EXERCISE GOAL
Set each entry down verbatim, omitting images.

Collected data entries
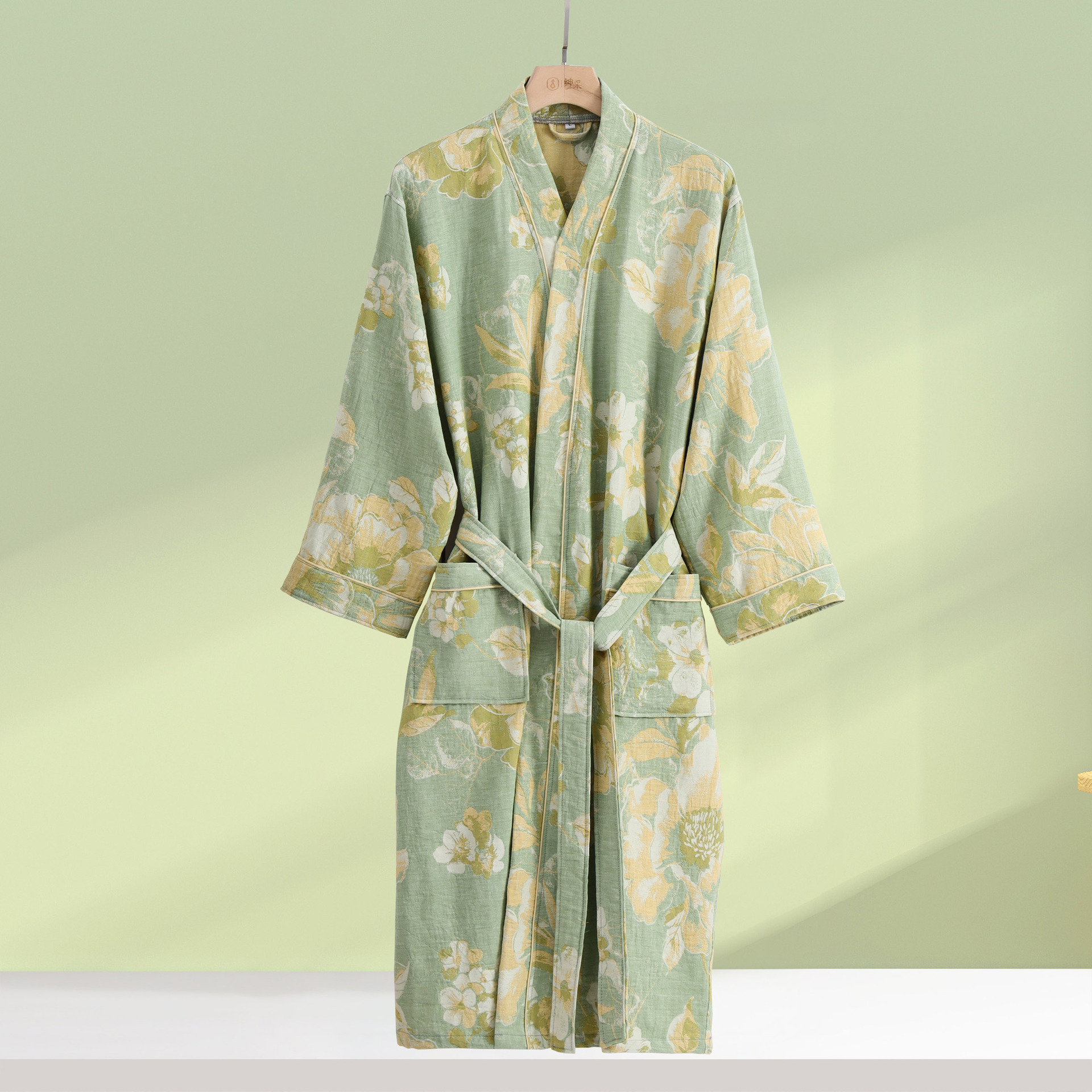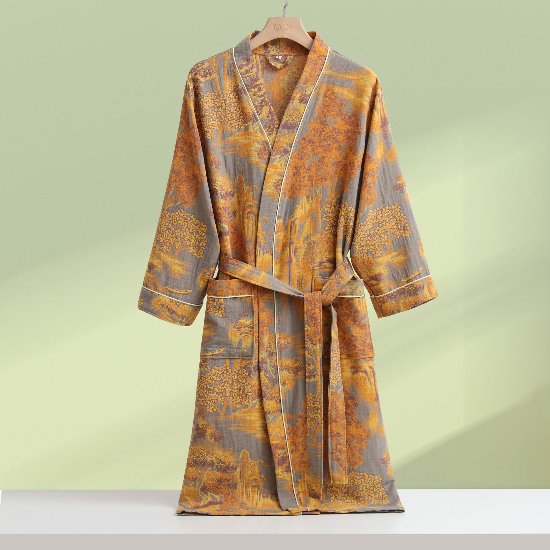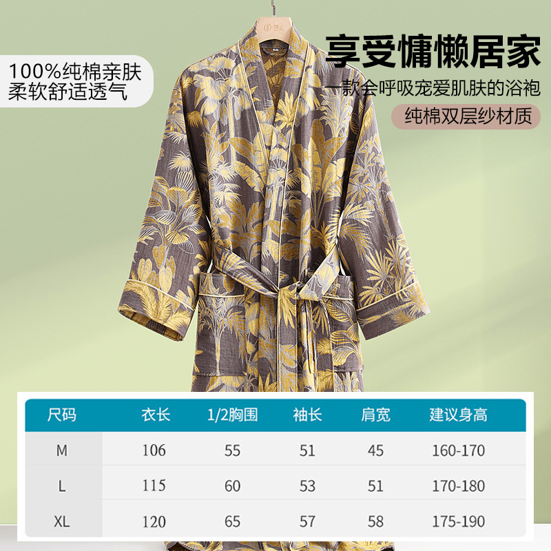 商品名称:(总)洛兰沙家居馆 跨境新款纯棉双层纱浴袍全棉和服长袖情侣睡衣家居服吸水浴衣批发
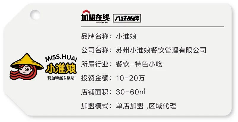 苏州小淮娘餐饮管理有限公司2004年起航第一家店,2007年以“鸭血粉丝、锅贴等”为特色经营的连锁品牌,2010年拥有8家直营店,2013年进行品牌升级,2015年第一家升级店开业;现总部位于美丽的江苏苏州。 2017年,苏州小淮娘餐饮管理有限公司“鸭血粉丝”、“鸭肉锅贴”系列经过中国饭店协会层层筛选,获得评委专家组及美食各界一致好评,喜获“中国名小吃”荣誉称号。中国饭店协会一直大力培育中国美食名店,积极推进餐饮行业的健康发展。同月,中国饭店协会正式授予苏州小淮娘餐饮管理有限公司“中国餐饮名店”称号;此次授予使小淮娘在餐饮业产生了广泛的影响,并得到同行的高度关注。次月,在全国餐饮绿色工作委员会发起的全国餐饮企业评选中,小淮娘脱颖而出,荣获“三叶级国家级绿色餐饮企业”的荣誉称号,小淮娘餐饮的实力已逐渐获得社会各界的高度关注、认可和支持。 目前总公司下属7个分公司,门店数量800余家,遍布江苏、浙江、上海、广东、河南、四川等20多个省市自治区。门店员工人数达到千余人。2018年新增拓展门店近1000家,预计到2019年底,公司将完成全国2500家门店的布局。迅猛的开店速度,为广大员工提供了
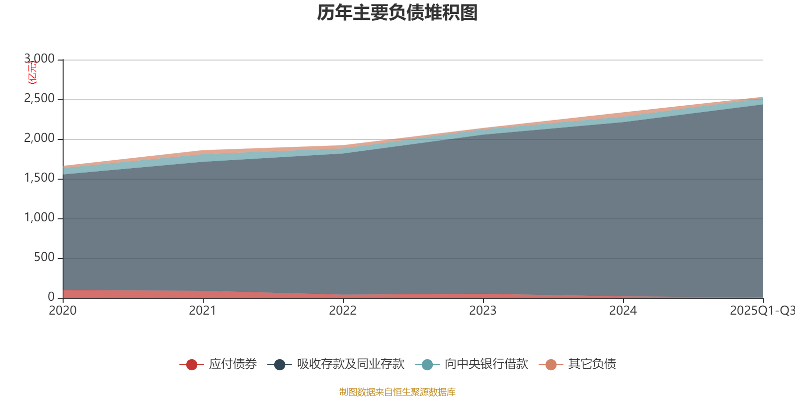 负债重大变化方面,截至2025年三季度末,公司吸收存款及同业存款较上年末增加10.77%,占公司总资产比重上升2.17个百分点;卖出回购金融资产款较上年末减少100%,占公司总资产比重下降1.71个百分点;应付债券较上年末减少70.4%,占公司总资产比重下降0.48个百分点;向中央银行借款较上年末增加14.41%,占公司总资产比重上升0.16个百分点。
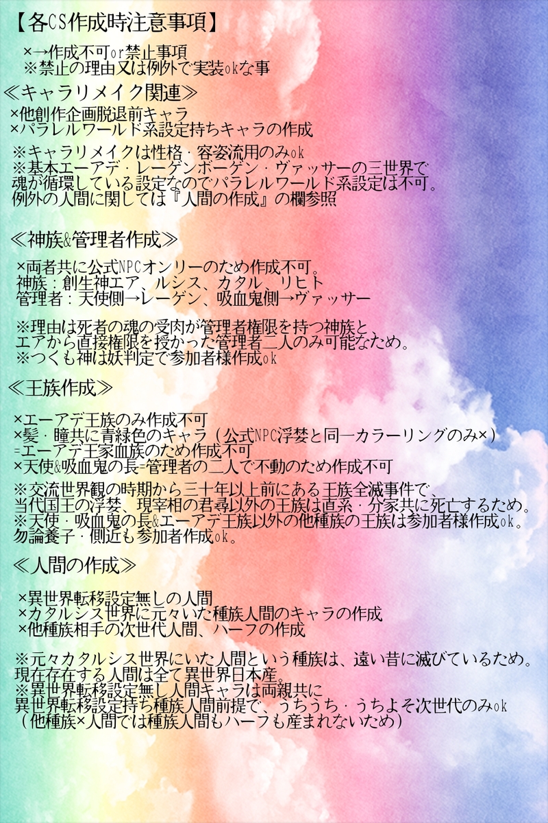 【Katharsis】+【緋葉】☆quiet followINFO【企画Katharsis】CS作成時注意事項(Q&A) #Katharsis_公式 katharsis_formula show all(+2 images) Tap to full screen (size:1080x1621).Repost is prohibited Let's send reactions! freqpopularsnackothersPayment processing Replies from the creator Follow creator you care about!☆quiet follow 【Katharsis】+【緋葉】INFO【企画Katharsis】三大公式スキル 2 【Katharsis】+【緋葉】INFO【企画Katharsis】First season 学園編 追加要素① 2 【Katharsis】+【緋葉】INFO【企画Katharsis】カタルシス世界の属性 2 【Katharsis】+【緋葉】INFO【企画Katharsis】作成可能種族各詳細&寿命 14 【Katharsis】+【緋葉】INFO【企画Katharsis】キャラメイク用簡易設定集 5 【Katharsis】+【緋葉】INFO【企画Katharsis】CS作成時注意事項(Q&A) 3 related works 【Katharsis】+【緋葉】INFO【企画Katharsis】First season 学園編 追加要素① 2 【Katharsis】+【緋葉】INFO【企画Katharsis】カタルシス世界の属性 2 【Katharsis】+【緋葉】INFO【企画Katharsis】企画概要関連&CS記載必須事項関連 8 【Katharsis】+【緋葉】INFO【企画Katharsis】CS作成時注意事項(Q&A) 3 【Katharsis】+【緋葉】INFO【企画Katharsis】三大公式スキル 2 【Katharsis】+【緋葉】INFO【企画Katharsis】作成可能種族各詳細&寿命 14 【Katharsis】+【緋葉】INFO【企画Katharsis】キャラメイク用簡易設定集 5 【Katharsis】+【緋葉】INFO【企画Katharsis】予告版 3
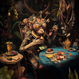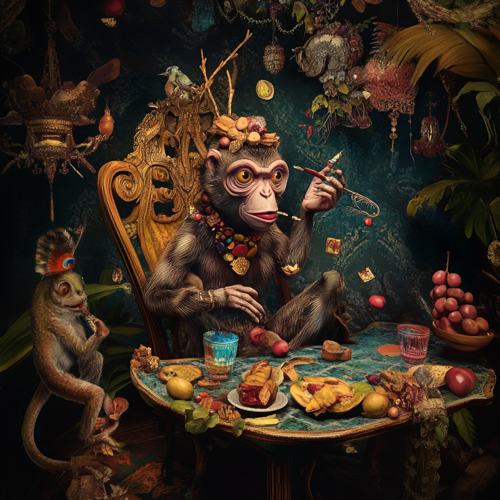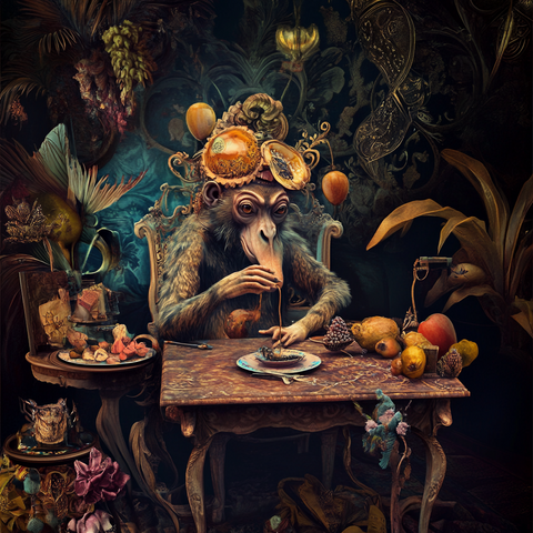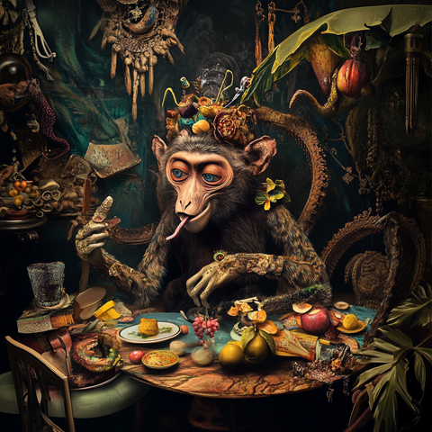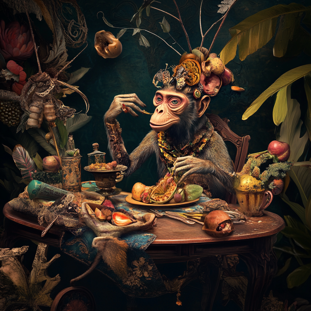Enter the banquet of bearded brilliance — five whimsical apes in a surreal feast of fruit, thoughts, and jungle secrets. This AI-generated art set blends Renaissance ambiance with tropical chaos in a way that’s both clever and absurd.

ANSWER FOR THE TASK
 商品名称:(总)洛兰沙家居馆 跨境新款纯棉双层纱浴袍全棉和服长袖情侣睡衣家居服吸水浴衣批发
 苏州小淮娘餐饮管理有限公司2004年起航第一家店,2007年以“鸭血粉丝、锅贴等”为特色经营的连锁品牌,2010年拥有8家直营店,2013年进行品牌升级,2015年第一家升级店开业;现总部位于美丽的江苏苏州。 2017年,苏州小淮娘餐饮管理有限公司“鸭血粉丝”、“鸭肉锅贴”系列经过中国饭店协会层层筛选,获得评委专家组及美食各界一致好评,喜获“中国名小吃”荣誉称号。中国饭店协会一直大力培育中国美食名店,积极推进餐饮行业的健康发展。同月,中国饭店协会正式授予苏州小淮娘餐饮管理有限公司“中国餐饮名店”称号;此次授予使小淮娘在餐饮业产生了广泛的影响,并得到同行的高度关注。次月,在全国餐饮绿色工作委员会发起的全国餐饮企业评选中,小淮娘脱颖而出,荣获“三叶级国家级绿色餐饮企业”的荣誉称号,小淮娘餐饮的实力已逐渐获得社会各界的高度关注、认可和支持。 目前总公司下属7个分公司,门店数量800余家,遍布江苏、浙江、上海、广东、河南、四川等20多个省市自治区。门店员工人数达到千余人。2018年新增拓展门店近1000家,预计到2019年底,公司将完成全国2500家门店的布局。迅猛的开店速度,为广大员工提供了
 负债重大变化方面,截至2025年三季度末,公司吸收存款及同业存款较上年末增加10.77%,占公司总资产比重上升2.17个百分点;卖出回购金融资产款较上年末减少100%,占公司总资产比重下降1.71个百分点;应付债券较上年末减少70.4%,占公司总资产比重下降0.48个百分点;向中央银行借款较上年末增加14.41%,占公司总资产比重上升0.16个百分点。
 【Katharsis】+【緋葉】☆quiet followINFO【企画Katharsis】CS作成時注意事項(Q&A) #Katharsis_公式 katharsis_formula show all(+2 images) Tap to full screen (size:1080x1621).Repost is prohibited Let's send reactions! freqpopularsnackothersPayment processing Replies from the creator Follow creator you care about!☆quiet follow 【Katharsis】+【緋葉】INFO【企画Katharsis】三大公式スキル 2 【Katharsis】+【緋葉】INFO【企画Katharsis】First season 学園編 追加要素① 2 【Katharsis】+【緋葉】INFO【企画Katharsis】カタルシス世界の属性 2 【Katharsis】+【緋葉】INFO【企画Katharsis】作成可能種族各詳細&寿命 14 【Katharsis】+【緋葉】INFO【企画Katharsis】キャラメイク用簡易設定集 5 【Katharsis】+【緋葉】INFO【企画Katharsis】CS作成時注意事項(Q&A) 3 related works 【Katharsis】+【緋葉】INFO【企画Katharsis】First season 学園編 追加要素① 2 【Katharsis】+【緋葉】INFO【企画Katharsis】カタルシス世界の属性 2 【Katharsis】+【緋葉】INFO【企画Katharsis】企画概要関連&CS記載必須事項関連 8 【Katharsis】+【緋葉】INFO【企画Katharsis】CS作成時注意事項(Q&A) 3 【Katharsis】+【緋葉】INFO【企画Katharsis】三大公式スキル 2 【Katharsis】+【緋葉】INFO【企画Katharsis】作成可能種族各詳細&寿命 14 【Katharsis】+【緋葉】INFO【企画Katharsis】キャラメイク用簡易設定集 5 【Katharsis】+【緋葉】INFO【企画Katharsis】予告版 3
Enter the banquet of bearded brilliance — five whimsical apes in a surreal feast of fruit, thoughts, and jungle secrets. This AI-generated art set blends Renaissance ambiance with tropical chaos in a way that’s both clever and absurd.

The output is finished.